**Problem to solve**
The entries below should be copied exactly and completely.

**Data under study**
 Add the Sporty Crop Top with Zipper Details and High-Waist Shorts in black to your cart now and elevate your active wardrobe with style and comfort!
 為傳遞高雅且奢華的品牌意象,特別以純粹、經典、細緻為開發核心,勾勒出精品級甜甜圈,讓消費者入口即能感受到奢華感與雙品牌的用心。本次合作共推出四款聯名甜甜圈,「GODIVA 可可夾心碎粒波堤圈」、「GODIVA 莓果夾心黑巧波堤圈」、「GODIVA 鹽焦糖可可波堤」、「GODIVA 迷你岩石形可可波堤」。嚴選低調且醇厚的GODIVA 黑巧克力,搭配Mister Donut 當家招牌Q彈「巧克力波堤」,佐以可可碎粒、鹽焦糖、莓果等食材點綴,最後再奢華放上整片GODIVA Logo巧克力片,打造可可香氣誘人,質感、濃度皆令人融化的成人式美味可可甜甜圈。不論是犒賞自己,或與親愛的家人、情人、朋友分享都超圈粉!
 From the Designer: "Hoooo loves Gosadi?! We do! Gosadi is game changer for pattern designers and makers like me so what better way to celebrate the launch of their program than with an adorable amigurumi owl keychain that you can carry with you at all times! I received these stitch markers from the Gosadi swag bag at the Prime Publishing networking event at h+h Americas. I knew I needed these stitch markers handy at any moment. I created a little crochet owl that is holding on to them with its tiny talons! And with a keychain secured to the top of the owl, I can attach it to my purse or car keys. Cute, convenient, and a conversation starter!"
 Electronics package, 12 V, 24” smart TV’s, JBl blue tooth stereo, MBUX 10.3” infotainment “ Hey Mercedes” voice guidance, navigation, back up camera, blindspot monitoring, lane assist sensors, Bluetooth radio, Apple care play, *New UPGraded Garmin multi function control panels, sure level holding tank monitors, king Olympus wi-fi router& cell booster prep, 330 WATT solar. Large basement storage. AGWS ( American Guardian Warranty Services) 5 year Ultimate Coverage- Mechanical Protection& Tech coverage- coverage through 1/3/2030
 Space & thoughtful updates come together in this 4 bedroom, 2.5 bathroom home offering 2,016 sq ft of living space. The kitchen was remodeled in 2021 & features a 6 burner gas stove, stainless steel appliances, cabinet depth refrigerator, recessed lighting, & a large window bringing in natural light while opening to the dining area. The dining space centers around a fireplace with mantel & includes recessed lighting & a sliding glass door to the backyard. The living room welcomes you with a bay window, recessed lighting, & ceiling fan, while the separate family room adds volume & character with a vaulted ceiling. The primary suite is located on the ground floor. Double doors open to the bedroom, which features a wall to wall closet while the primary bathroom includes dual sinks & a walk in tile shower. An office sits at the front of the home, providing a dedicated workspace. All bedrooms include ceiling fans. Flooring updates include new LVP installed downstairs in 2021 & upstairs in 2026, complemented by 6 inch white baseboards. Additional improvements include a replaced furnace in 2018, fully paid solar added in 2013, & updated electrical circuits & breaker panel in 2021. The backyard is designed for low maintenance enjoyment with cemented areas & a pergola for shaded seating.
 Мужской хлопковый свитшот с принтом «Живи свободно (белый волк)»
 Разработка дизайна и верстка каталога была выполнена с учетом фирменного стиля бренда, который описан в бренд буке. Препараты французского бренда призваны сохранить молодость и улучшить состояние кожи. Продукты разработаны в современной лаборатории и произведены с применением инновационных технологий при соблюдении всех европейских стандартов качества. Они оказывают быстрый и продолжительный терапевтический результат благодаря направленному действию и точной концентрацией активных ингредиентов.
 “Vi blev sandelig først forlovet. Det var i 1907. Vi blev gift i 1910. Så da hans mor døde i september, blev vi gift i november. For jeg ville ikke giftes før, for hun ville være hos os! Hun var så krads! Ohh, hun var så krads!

**Exercise answer**
 Add the Sporty Crop Top with Zipper Details and High-Waist Shorts in black to your cart now and elevate your active wardrobe with style and comfort!
 為傳遞高雅且奢華的品牌意象,特別以純粹、經典、細緻為開發核心,勾勒出精品級甜甜圈,讓消費者入口即能感受到奢華感與雙品牌的用心。本次合作共推出四款聯名甜甜圈,「GODIVA 可可夾心碎粒波堤圈」、「GODIVA 莓果夾心黑巧波堤圈」、「GODIVA 鹽焦糖可可波堤」、「GODIVA 迷你岩石形可可波堤」。嚴選低調且醇厚的GODIVA 黑巧克力,搭配Mister Donut 當家招牌Q彈「巧克力波堤」,佐以可可碎粒、鹽焦糖、莓果等食材點綴,最後再奢華放上整片GODIVA Logo巧克力片,打造可可香氣誘人,質感、濃度皆令人融化的成人式美味可可甜甜圈。不論是犒賞自己,或與親愛的家人、情人、朋友分享都超圈粉!
 From the Designer: "Hoooo loves Gosadi?! We do! Gosadi is game changer for pattern designers and makers like me so what better way to celebrate the launch of their program than with an adorable amigurumi owl keychain that you can carry with you at all times! I received these stitch markers from the Gosadi swag bag at the Prime Publishing networking event at h+h Americas. I knew I needed these stitch markers handy at any moment. I created a little crochet owl that is holding on to them with its tiny talons! And with a keychain secured to the top of the owl, I can attach it to my purse or car keys. Cute, convenient, and a conversation starter!"
 Electronics package, 12 V, 24” smart TV’s, JBl blue tooth stereo, MBUX 10.3” infotainment “ Hey Mercedes” voice guidance, navigation, back up camera, blindspot monitoring, lane assist sensors, Bluetooth radio, Apple care play, *New UPGraded Garmin multi function control panels, sure level holding tank monitors, king Olympus wi-fi router& cell booster prep, 330 WATT solar. Large basement storage. AGWS ( American Guardian Warranty Services) 5 year Ultimate Coverage- Mechanical Protection& Tech coverage- coverage through 1/3/2030
 Space & thoughtful updates come together in this 4 bedroom, 2.5 bathroom home offering 2,016 sq ft of living space. The kitchen was remodeled in 2021 & features a 6 burner gas stove, stainless steel appliances, cabinet depth refrigerator, recessed lighting, & a large window bringing in natural light while opening to the dining area. The dining space centers around a fireplace with mantel & includes recessed lighting & a sliding glass door to the backyard. The living room welcomes you with a bay window, recessed lighting, & ceiling fan, while the separate family room adds volume & character with a vaulted ceiling. The primary suite is located on the ground floor. Double doors open to the bedroom, which features a wall to wall closet while the primary bathroom includes dual sinks & a walk in tile shower. An office sits at the front of the home, providing a dedicated workspace. All bedrooms include ceiling fans. Flooring updates include new LVP installed downstairs in 2021 & upstairs in 2026, complemented by 6 inch white baseboards. Additional improvements include a replaced furnace in 2018, fully paid solar added in 2013, & updated electrical circuits & breaker panel in 2021. The backyard is designed for low maintenance enjoyment with cemented areas & a pergola for shaded seating.
 Мужской хлопковый свитшот с принтом «Живи свободно (белый волк)»
 Разработка дизайна и верстка каталога была выполнена с учетом фирменного стиля бренда, который описан в бренд буке. Препараты французского бренда призваны сохранить молодость и улучшить состояние кожи. Продукты разработаны в современной лаборатории и произведены с применением инновационных технологий при соблюдении всех европейских стандартов качества. Они оказывают быстрый и продолжительный терапевтический результат благодаря направленному действию и точной концентрацией активных ингредиентов.
 “Vi blev sandelig først forlovet. Det var i 1907. Vi blev gift i 1910. Så da hans mor døde i september, blev vi gift i november. For jeg ville ikke giftes før, for hun ville være hos os! Hun var så krads! Ohh, hun var så krads!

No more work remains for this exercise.